Although traditional large-scale models offer high detection accuracy, they are often computationally intensive and resource-demanding, making them unsuitable for real-time defect detection in resource-constrained environments such as edge devices or on-site factory settings. Moreover, fabric defect detection models are typically deployed on embedded systems and edge computing platforms, where computing power and memory resources are limited.

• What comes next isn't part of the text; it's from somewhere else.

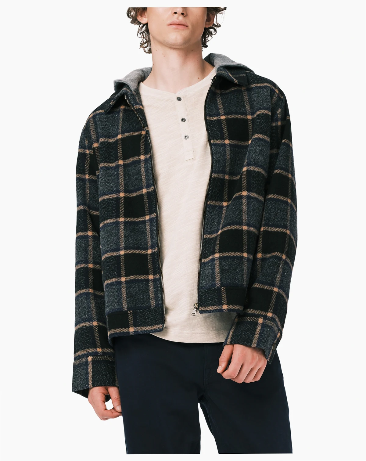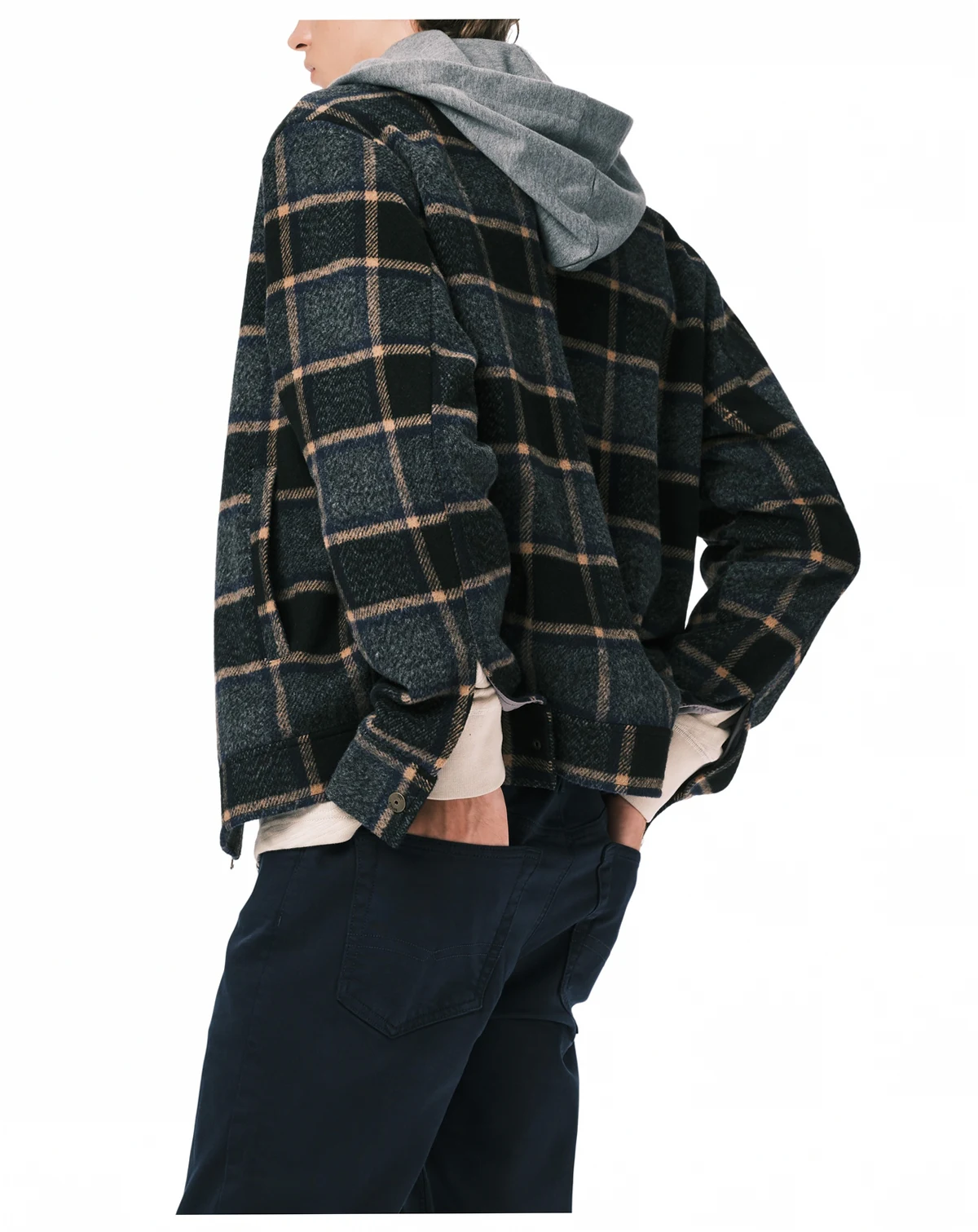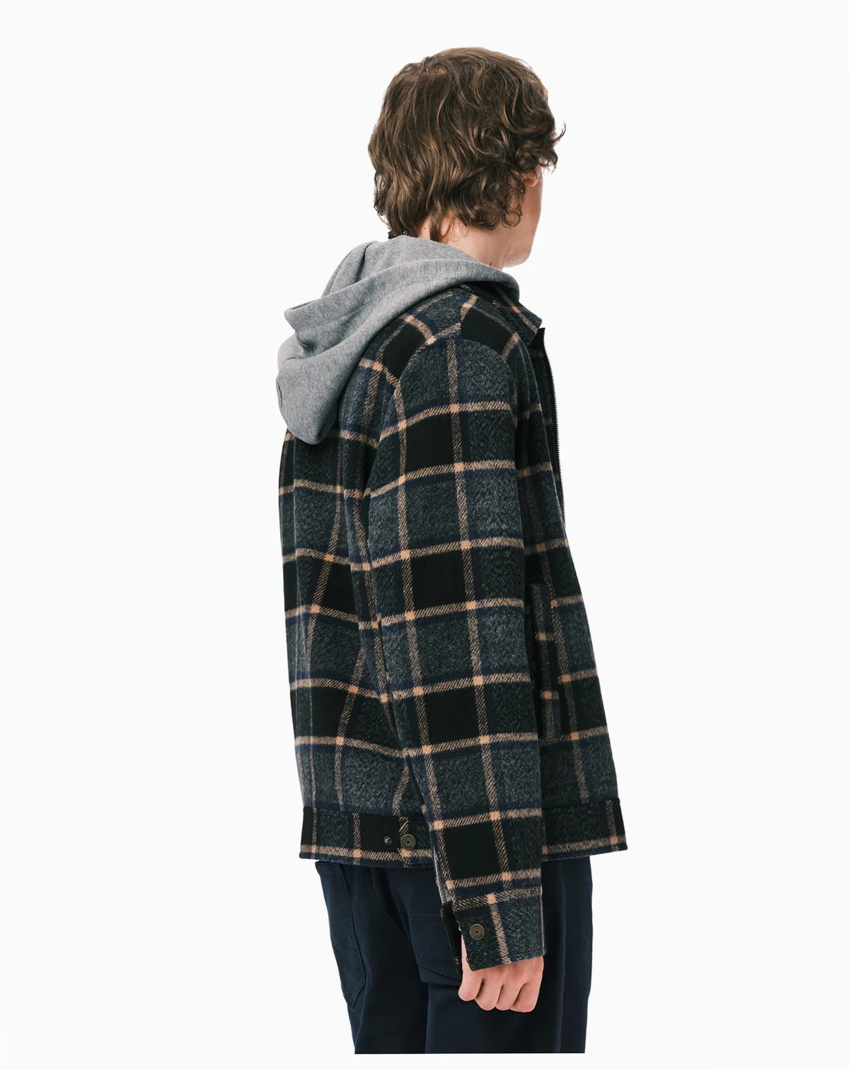 Embrace vintage inspiration with this Buffalo David Bitton jacket featuring a relaxed boxy silhouette. Substantial plaid fabric and welt pockets combine structure with casual comfort. The jersey hood adds contrasting texture and comfortable coverage. Adjustable side tabs allow for customized fit and personal style.

As a result, developing lightweight and easily deployable defect detection models has become a prominent research focus.
More and more deep learning-based methods are applied to inspect fabric defects. These methods are mainly categorized into two types: single-stage regression-based algorithms and two-stage algorithms that involve candidate region generation and classification. Currently, Faster R-CNN, 4 Feature Pyramid Network (FPN), 5 and Cascade R-CNN 6 are considered the most effective and widely used two-stage detection algorithms in fabric defect detection. These methods typically generate a large number of region proposals using traditional image processing techniques or convolutional neural networks (CNNs), followed by classification and bounding box refinement.
However, the need to process numerous candidate regions results in high computational complexity and slow detection speed for two-stage algorithms. In contrast, single-stage algorithms perform classification and regression simultaneously using a single CNN, eliminating the proposal generation stage. Representative approaches include the Single Shot MultiBox Detector (SSD) 7 and the You Only Look Once (YOLO) series. 8 Compared with two-stage methods, single-stage detectors simplify the detection pipeline and achieve a better balance between speed and accuracy. Their advantages in fast inference, lightweight architecture, and deployment efficiency, particularly well-suited for real-time, high-throughput inspection scenarios on fabric production lines.
Among various object detection algorithms, YOLO stands out as a representative single-stage architecture with significant advantages in lightweight deployment. Compared with two-stage detectors, YOLO integrates feature extraction, region proposal generation, and classification/regression into a unified end-to-end network, greatly simplifying the detection pipeline and reducing model complexity. In particular, YOLOv8 further incorporates anchor-free structures, C2f modules, and lightweight feature fusion mechanisms, achieving a favorable trade-off between accuracy and speed. Despite these architectural advances, YOLOv8 still introduces relatively complex feature extraction and fusion modules, resulting in increased network depth, large parameter sizes, high computational complexity, and substantial memory usage. These factors pose challenges for practical deployment in industrial scenarios, especially in resource-constrained environments. Therefore, the real-time deployment performance of YOLOv8 remains limited in such settings and requires further optimization.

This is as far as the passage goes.